Sources: Pacific Ridge; FactSet Research Systems (“FactSet”); and Russell Investment Group (“Russell”) who is the source and owner of the Russell Index data. 

Returns for the Small Cap Value composite are presented gross and net of management fees and other expenses and includes realized and unrealized gains and losses, cash and cash equivalents and related interest income, and accrued based dividends. Net returns are calculated by deducting the highest annual management fee of 1.00% from the quarterly gross composite return. All returns are calculated after the deduction of the actual trading expenses incurred during the period. 

The management fee is a flat rate of 1.00%.

The portfolio characteristics, sector weightings and attribution analysis for the Small Cap Value composite are based on a representative account within the strategy. The representative account statistics are shown as supplemen­tal information. The Firm maintains a complete list and description of composites, policies for valuing portfolios, calculating performance, and preparing compliant presentations which are available upon request by contacting Peter Trumbo, Chief Compliance Officer at (503) 886-8972 or 

Top 5 and Bottom 5 Performing Securities represent those security holdings that had the largest positive and negative total contribution to the portfolio return. Top 3 and Bottom 3 Economic Sectors represent those sectors that had the largest positive and negative total contribution to the portfolio return. 
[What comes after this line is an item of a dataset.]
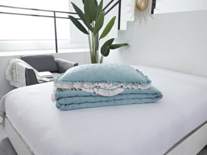 Двусторонние стеганные покрывала Элизабет выполнены из вискозы и хлопка, они легкие и прочные. В комплекте с покрывалом идут две наволочки, вы можете использовать покрывало по назначению, либо в качестве постельного белья. В любом случае, вы будете в восторге от этого комплекта!

In order to maintain consistency when comparing the Small Cap Value strategy to the Russell benchmark, the Firm utilizes FactSet’s outlier methodology calculations which provide a comparable portfolio characteristic calcula­tion methodology as Russell applies to its indices. 

The information provided should not be considered a recommendation to purchase or sell any particular security. There is no assurance that any securities discussed herein will remain in our strategy at the time you receive this report or that securities sold have not been repurchased. It should not be assumed that any of the holdings discussed herein were or will be profitable or that the investment recommendations or decisions we make in the future will be profitable or will equal the investment performance of the securities discussed herein. Past performance is no guarantee of future results. 
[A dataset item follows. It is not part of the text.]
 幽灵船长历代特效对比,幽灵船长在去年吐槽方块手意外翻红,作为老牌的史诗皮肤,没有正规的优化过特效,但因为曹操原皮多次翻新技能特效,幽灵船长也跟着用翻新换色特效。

Although the statements of fact and data in this report have been obtained from, and are based upon, sources that the Firm believes to be reliable, we do not guarantee their accuracy, and any such information may be incom­plete or condensed. All opinions included in this report constitute the Firm’s judgment as of the date of this report and are subject to change without notice. This report is for informational purposes only and is not intended as an offer or solicitation with respect to the purchase or sale of any security.